- [Your objective] Copy, word for word, the opening line of the data and each line after it until the line that contains "Быт Нанука, надо", which is included. Leave the pictures out.

- [Available records]

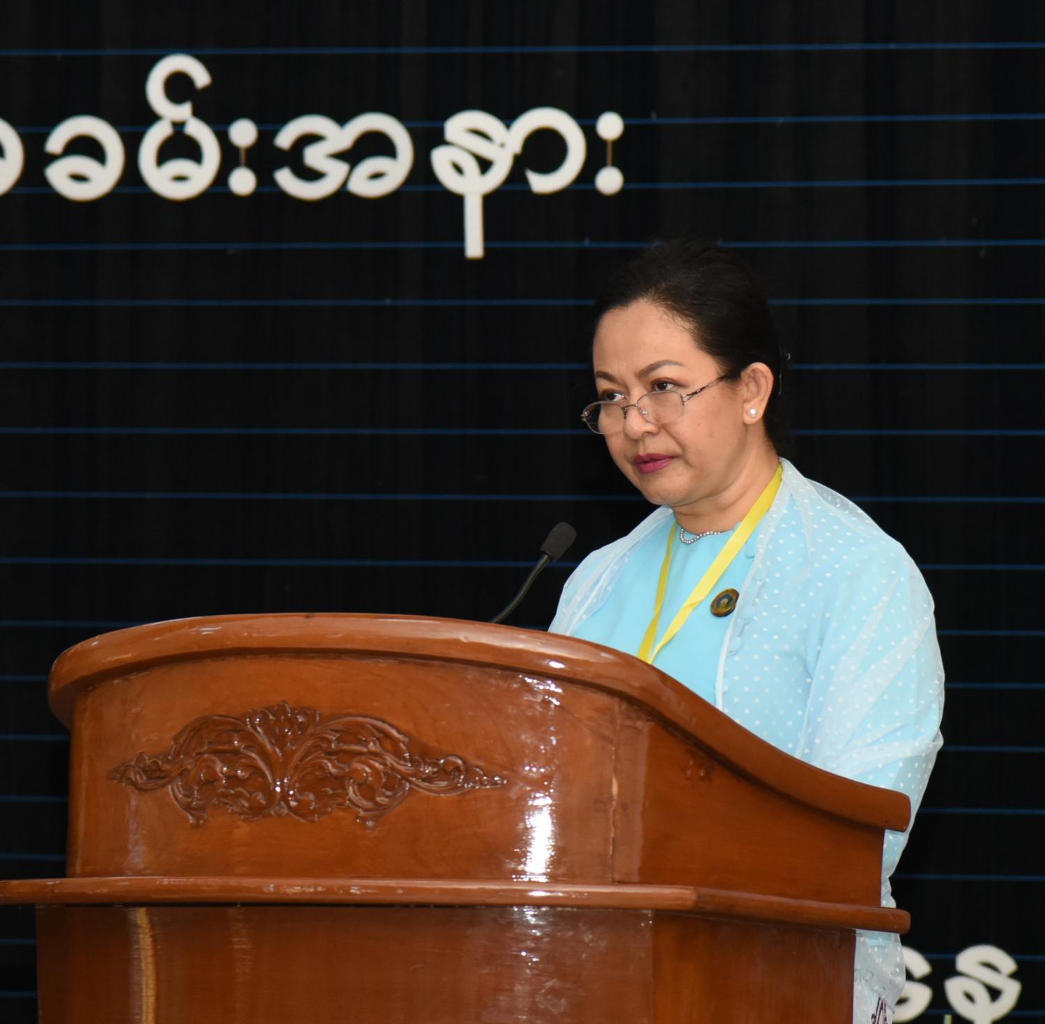 ထို့နောက် မြန်မာနိုင်ငံလုံးဆိုင်ရာ အမျိုးသမီးကော်မတီဥက္ကဋ္ဌ၊  လူမှုဝန်ထမ်း၊ ကယ်ဆယ်ရေးနှင့် ပြန်လည်နေရာချထားရေးဝန်ကြီးဌာန ပြည်ထောင်စုဝန်ကြီး ဒေါက်တာ သက်သက်ခိုင် က အမျိုးသမီးများဖွံ့ဖြိုးတိုးတက်ရေးဆိုင်ရာ လုပ်ငန်းများအကောင်အထည်ဖော် ဆောင်ရွက်နေမှု၊ နိုင်ငံတကာနှင့် ဒေသဆိုင်ရာအဆင့် ကတိကဝတ်ပြုမှုများ၊ အပြည်ပြည်ဆိုင်ရာ အမျိုးသမီးများနေ့ ကျင်းပဆောင်ရွက်နေမှု၊ လုပ်ငန်းယန္တရားဖွဲ့စည်းဆောင်ရွက်မှု၊ အမျိုးသားအဆင့် မဟာဗျူဟာ စီမံကိန်း (၂၀၁၃-၂၀၂၂) ဆောင်ရွက်မှု၊ ပဋိပက္ခအတွင်း လိင်ပိုင်းဆိုင်ရာ အကြမ်းဖက်မှု တားဆီး ကာကွယ်ရေးနှင့် တုံ့ပြန်ဆောင်ရွက်ရေးဆိုင်ရာ ဆောင်ရွက်မှုများ၊ အမျိုးသမီးများအပေါ် အကြမ်းဖက်မှု တားဆီးကာကွယ်ရေးဥပဒေ ပြဋ္ဌာန်းနိုင်ရေး ဆောင်ရွက်နေမှု၊  အိမ်တွင်း အကြမ်းဖက်မှု၊ အမျိုးသမီးများအပေါ် အကြမ်းဖက်မှု၊ သက်ငယ် မုဒိမ်းမှုများနှင့် ပတ်သက်၍ Helpline Service  ဖွင့်လှစ်ဆောင်ရွက်ထားမှု၊ ကျားမရေးရာ အခြေပြုအကြမ်းဖက် ဖြစ်ရပ်များအား တုံ့ပြန်ဆောင်ရွက်နေမှု၊ အကြမ်းဖက်ခံရသူများအား ငွေကြေးထောက်ပံ့ပေးမှု အခြေအနေ၊ အကြမ်းဖက်ခံရသည့် အမျိုးသမီးများအား တစ်နေရာတည်းတွင် ဝန်ဆောင်မှုပေးနိုင်သော စင်တာများ ဖွင့်လှစ်ဆောင်ရွက်နေမှုနှင့် အသိပညာပေး လုပ်ငန်းများဆောင်ရွက်နေမှု၊ နေပြည်တော်ကောင်စီ၊ တိုင်းဒေသကြီးနှင့် ပြည်နယ်များတွင် အိမ်တွင်းမှု သင်တန်းများ ဖွင့်လှစ် သင်ကြားနေမှု အခြေအနေ၊ အမျိုးသမီးများအား နည်းမျိုးစုံဖြင့် ခွဲခြားမှု ပပျောက်ရေးဆိုင်ရာ ကုလသမဂ္ဂ ကွန်ဗင်းရှင်း အကောင်အထည်ဖော်မှု အခြေအနေ၊ စဉ်ဆက်မပြတ် ဖွံ့ဖြိုးမှု ပန်းတိုင်များ၏ ပန်းတိုင် -၅ (SDG-Goal 5) အကောင်အထည်ဖော်မှု၊ အာဆီယံ အမျိုးသမီး ကော်မတီ ဆောင်ရွက်မှုများနှင့် ပတ်သက်၍ ရှင်းလင်းတင်ပြသည်။
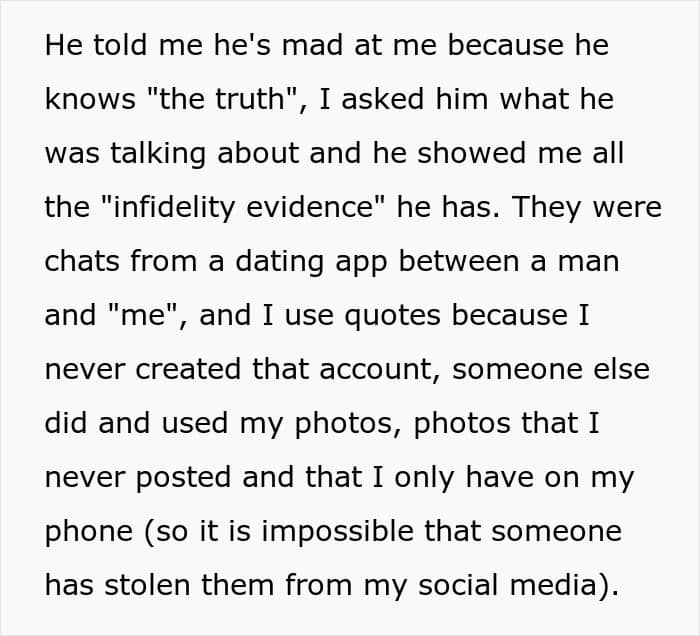 The poster’s husband suddenly started acting weird around her, and later accused her of cheating as he had screenshots of “her” chats from a dating app
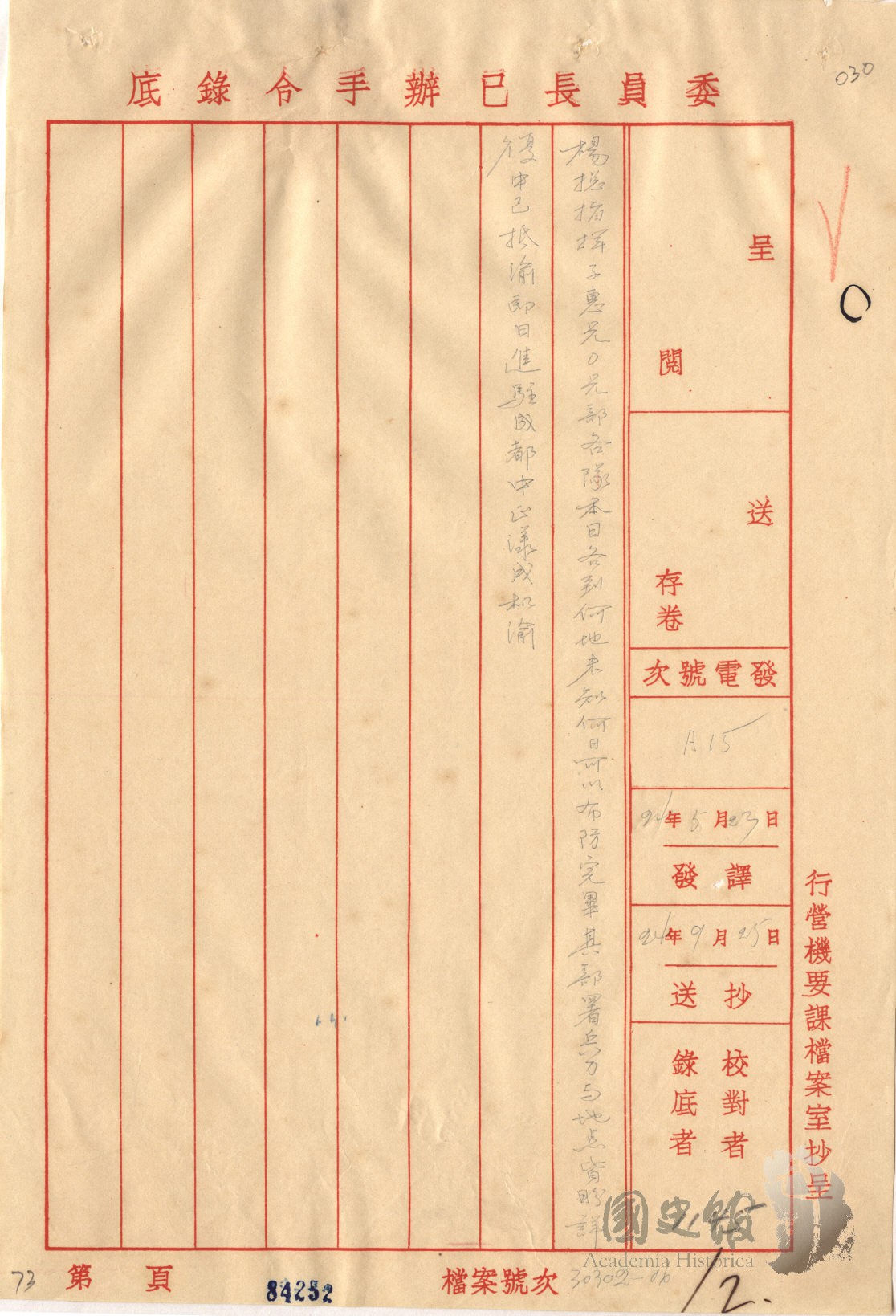蔣中正電楊森詢各部隊到何地何日可以布防完畢盼詳復部署兵力與地點
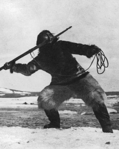Быт Нанука, надо сказать, был крайне архаичным. Он охотился с копьем, как первобытный человек, строил иглу для жены, а столкновение с цивилизацией переживал с недоумением и детской наивностью: в одной из сцен Нанук видит на торговом посту граммофон, и не разобравшись как тот работает, пытается съесть пластинку.
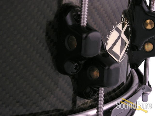 Carbon fiber is a composite material formed by weaving raw carbon fibers into a textile, which is then combined with epoxy resin to form a plastic-like material that is extremely durable, yet lightweight. Drum shells made from this material are lighter than wood, but much stronger; Rocket Shells are guaranteed not to warp, crack, or delaminate for life. At the core of the drum is the patented C-1200 shell (14” only- all other sizes utilize C-900 shell). The bearing edges are carbon fiber, and machine cut to a relatively sharp 45 degrees, then slightly rounded over for optimum head seating. The edges are then wet sanded producing a perfectly smooth edge which will last a lifetime. The snare bed is faired from edge to the center gradually, which minimizes stress on the bottom head. The cast carbon fiber lugs are coated with a crystal clear finish, and outfitted with a polished brass barrel nut, which offers smooth as butter tensioning. The Nickelworks strainer and low mass butt plate are strong and smooth and light
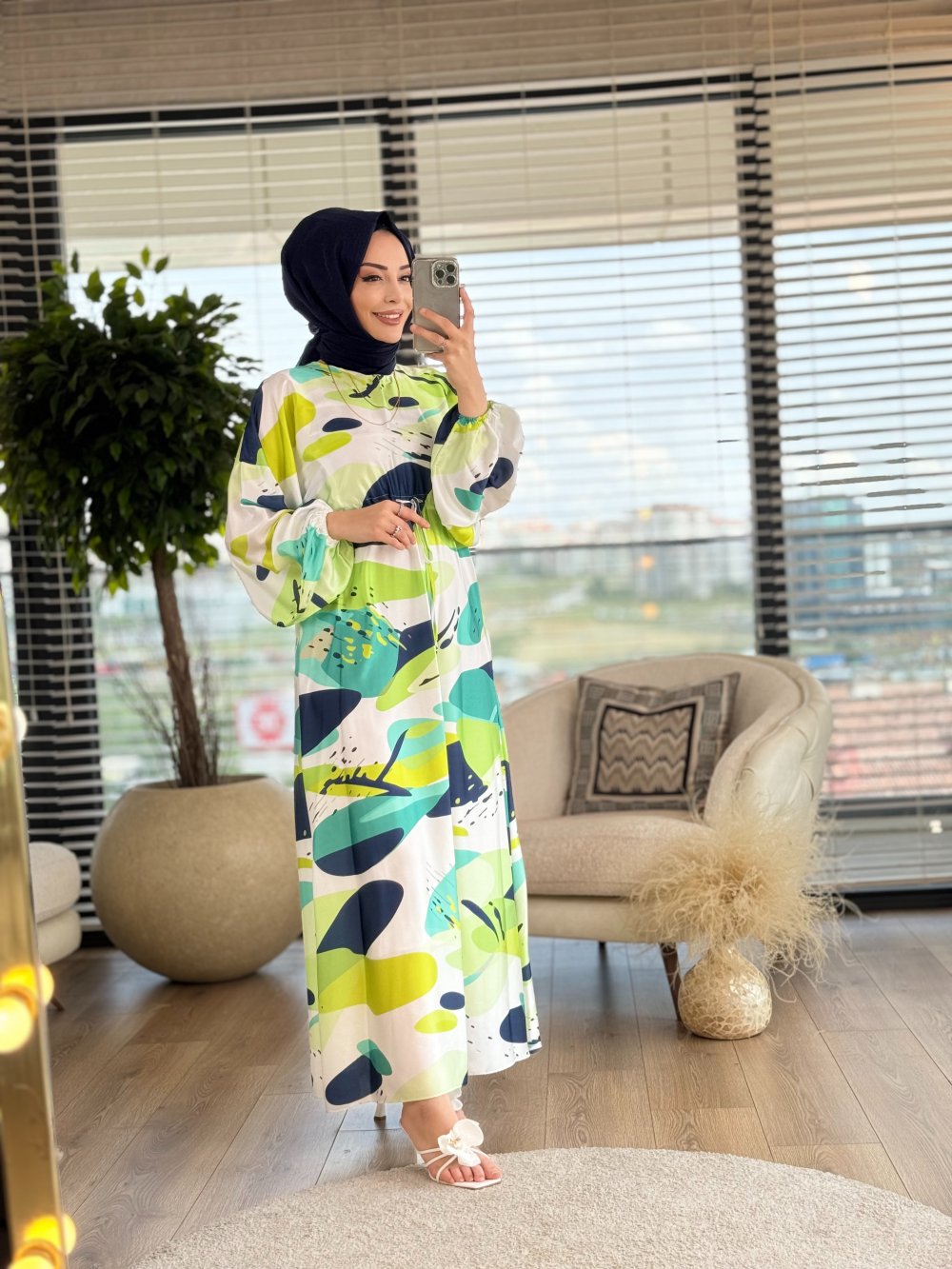 1149 Beli Tünelli Elbise Yağ Yeşili
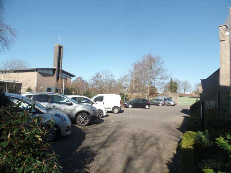 U kunt uw auto parkeren aan de voorzijde van het gebouw open bij het appartement behorende parkeerplaats. Aan de voorzijde van het gebouw bevindt zich tevens een gebouw met de bergingen van de appartementen.
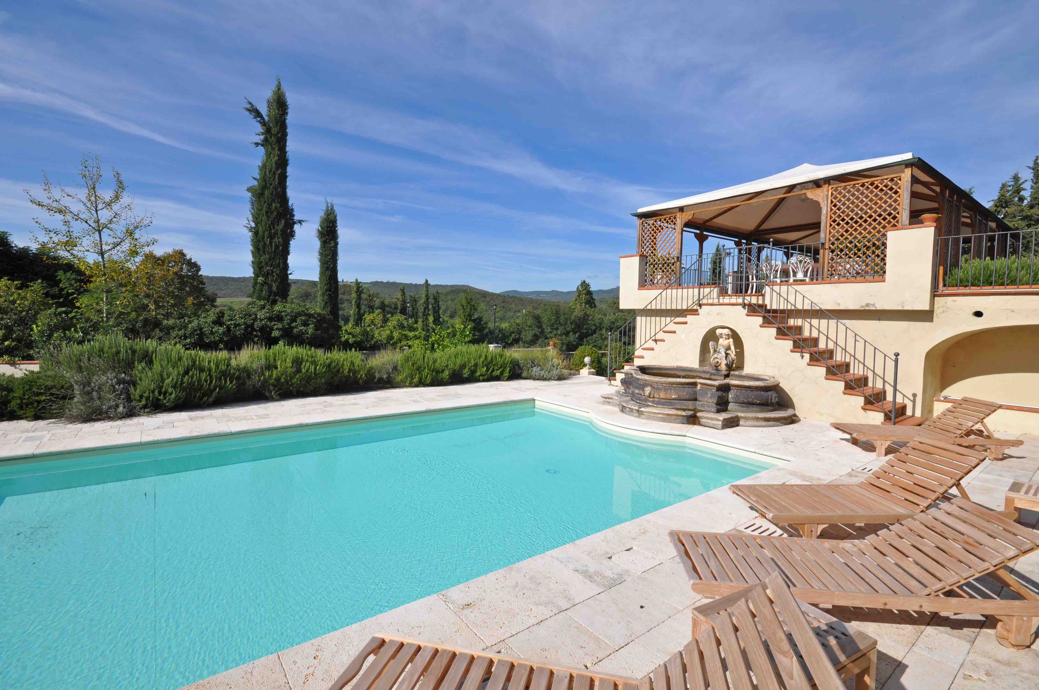וילה נהדרת עצמאית הנמצאת בלב הקיאנטי קלאסיקו, ליבה הפועם והירוק של טוסקנה, והיא חלק מאחוזה שיש בה 4 דירות המרוחקות מהוילה עצמה. הוילה נמצאת לא רחוק מהכפר BUCINE שבקיאנטי קלאסיקו, 4 ק"מ מכפר בשם AMBRA שבו חנויות ובתי קפה. בחוץ שטח פרטי עצום עם בריכת שחיה פרטית ומגרש טניס שהוא בלבד משותף לוילה ולדירות. גודל הבית 1000 מ"ר ויש בו קומת קרקע וקומה עליונה. בקומת הקרקע סלון גדול ומטבח מקסים וגדול עם יציאה לטראסה עם נוף (המטבח במפלס המצוי 5 מדרגות מעל הסלון). בקומה הראשונה 6 חדרי שינה, כולם עם חדר אמבטיה ושירותים צמודים, חלקם עם חדר ארונות. במבנה נפרד עוד חדר שינה עם אמבטיה ושירותים צמודים. סך הכל 7 חדרי שינה ו- 7 חדרי אמבטיה ושירותים. וילה מצוינת לשהות של מספר משפחות חברים או של משפחה גדולה מורחבת.

- [Reply to the task]
 ထို့နောက် မြန်မာနိုင်ငံလုံးဆိုင်ရာ အမျိုးသမီးကော်မတီဥက္ကဋ္ဌ၊  လူမှုဝန်ထမ်း၊ ကယ်ဆယ်ရေးနှင့် ပြန်လည်နေရာချထားရေးဝန်ကြီးဌာန ပြည်ထောင်စုဝန်ကြီး ဒေါက်တာ သက်သက်ခိုင် က အမျိုးသမီးများဖွံ့ဖြိုးတိုးတက်ရေးဆိုင်ရာ လုပ်ငန်းများအကောင်အထည်ဖော် ဆောင်ရွက်နေမှု၊ နိုင်ငံတကာနှင့် ဒေသဆိုင်ရာအဆင့် ကတိကဝတ်ပြုမှုများ၊ အပြည်ပြည်ဆိုင်ရာ အမျိုးသမီးများနေ့ ကျင်းပဆောင်ရွက်နေမှု၊ လုပ်ငန်းယန္တရားဖွဲ့စည်းဆောင်ရွက်မှု၊ အမျိုးသားအဆင့် မဟာဗျူဟာ စီမံကိန်း (၂၀၁၃-၂၀၂၂) ဆောင်ရွက်မှု၊ ပဋိပက္ခအတွင်း လိင်ပိုင်းဆိုင်ရာ အကြမ်းဖက်မှု တားဆီး ကာကွယ်ရေးနှင့် တုံ့ပြန်ဆောင်ရွက်ရေးဆိုင်ရာ ဆောင်ရွက်မှုများ၊ အမျိုးသမီးများအပေါ် အကြမ်းဖက်မှု တားဆီးကာကွယ်ရေးဥပဒေ ပြဋ္ဌာန်းနိုင်ရေး ဆောင်ရွက်နေမှု၊  အိမ်တွင်း အကြမ်းဖက်မှု၊ အမျိုးသမီးများအပေါ် အကြမ်းဖက်မှု၊ သက်ငယ် မုဒိမ်းမှုများနှင့် ပတ်သက်၍ Helpline Service  ဖွင့်လှစ်ဆောင်ရွက်ထားမှု၊ ကျားမရေးရာ အခြေပြုအကြမ်းဖက် ဖြစ်ရပ်များအား တုံ့ပြန်ဆောင်ရွက်နေမှု၊ အကြမ်းဖက်ခံရသူများအား ငွေကြေးထောက်ပံ့ပေးမှု အခြေအနေ၊ အကြမ်းဖက်ခံရသည့် အမျိုးသမီးများအား တစ်နေရာတည်းတွင် ဝန်ဆောင်မှုပေးနိုင်သော စင်တာများ ဖွင့်လှစ်ဆောင်ရွက်နေမှုနှင့် အသိပညာပေး လုပ်ငန်းများဆောင်ရွက်နေမှု၊ နေပြည်တော်ကောင်စီ၊ တိုင်းဒေသကြီးနှင့် ပြည်နယ်များတွင် အိမ်တွင်းမှု သင်တန်းများ ဖွင့်လှစ် သင်ကြားနေမှု အခြေအနေ၊ အမျိုးသမီးများအား နည်းမျိုးစုံဖြင့် ခွဲခြားမှု ပပျောက်ရေးဆိုင်ရာ ကုလသမဂ္ဂ ကွန်ဗင်းရှင်း အကောင်အထည်ဖော်မှု အခြေအနေ၊ စဉ်ဆက်မပြတ် ဖွံ့ဖြိုးမှု ပန်းတိုင်များ၏ ပန်းတိုင် -၅ (SDG-Goal 5) အကောင်အထည်ဖော်မှု၊ အာဆီယံ အမျိုးသမီး ကော်မတီ ဆောင်ရွက်မှုများနှင့် ပတ်သက်၍ ရှင်းလင်းတင်ပြသည်။
 The poster’s husband suddenly started acting weird around her, and later accused her of cheating as he had screenshots of “her” chats from a dating app
蔣中正電楊森詢各部隊到何地何日可以布防完畢盼詳復部署兵力與地點
Быт Нанука, надо сказать, был крайне архаичным. Он охотился с копьем, как первобытный человек, строил иглу для жены, а столкновение с цивилизацией переживал с недоумением и детской наивностью: в одной из сцен Нанук видит на торговом посту граммофон, и не разобравшись как тот работает, пытается съесть пластинку.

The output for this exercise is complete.